Once, 27,000 people lived in the Robert Taylor Homes housing project. Today its 19,000 residents, all of them black and poor, are warehoused there with virtually no hope of escape. The 2 1/2-mile stretch of 28 16-story buildings that make up the country's largest public housing complex has become an American equivalent of Soweto. A deliberate government policy of racial isolation and abandonment created this enclave, and government must play a large role in solving its problems.

"There's a special role for government in this particular area," argues Chicago Alderman Bobby Rush, a former Black Panther who is running for Congress, "because the decay and the decadence that you see, the lack of opportunity you see, are all the result of governmental policies that address the problems that we are confronted with. Governmental policies are the key. They are the lifeblood that this community needs, that umbilical cord that connects us to the overall society."

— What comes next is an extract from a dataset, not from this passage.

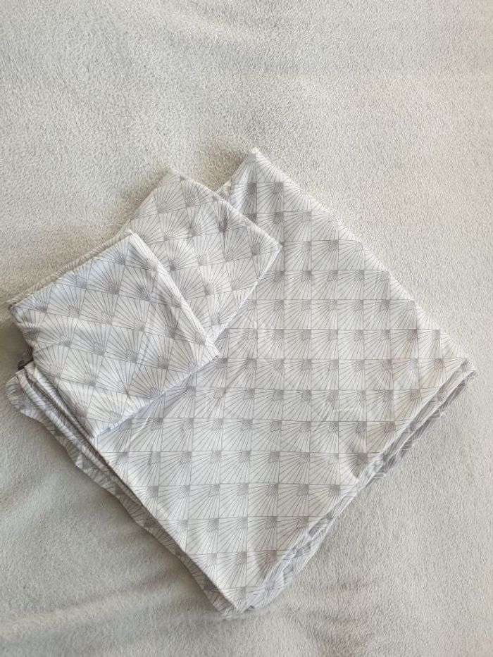 Parure de drap. Comprenant une housse de couette et 2 taies d'oreiller. La housse de couette mesure environ 200x200cm et les taies d'oreiller environ 65x65cm. Fond blanc et dessin gris d'un côté et fond gris et dessin blanc de l'autre côté. Drap doux. Le rabat est un peu abîmé dans le bas voir photo mais ne se voit pas vu qu'il est en dessous.

A committee from the National Research Council agreed in its 1989 report, A Common Destiny: Blacks and American Society. Purposeful actions and policies by governments and private institutions make a large difference in the opportunities and conditions of black Americans," the committee concluded. These polices have been "essential for past progress, and further progress is unlikely without them."

Nowhere is the damage wrought by racial discrimination and isolation more evident and painful than in the schools. "In a way, the most tragic years for African-American kids are the years from fourth to sixth grade," says Kozol. "Those are the years in which the dream dies. In many ways, poor white kids and poor black kids suffer equally. But in the inner-city schools, where the injury of caste is compounded by the injuries of race, the misery is of a different order."

That misery weighs heavily on the shoulders of even the most motivated inner-city kids. Keri is no exception. Says Lovelace: "It's the government's responsibility to educate these students equally as well as all other students." Beyond that, Keri's success or failure depends largely on himself. ( "Getting out of ((the ghetto)) depends on Keri," the teacher says. "But Keri has to realize that, unfortunately, because he's black, because he came out of this neighborhood, he's going to have to work a wee bit more, a wee bit harder."

There's nothing new about that. For every successful African American, self- help and personal responsibility have always been a part of the equation. What is new is that if people like Keri manage to make it out of their grim neighborhoods, they will do so only by clearing hurdles that many black students of my generation never faced.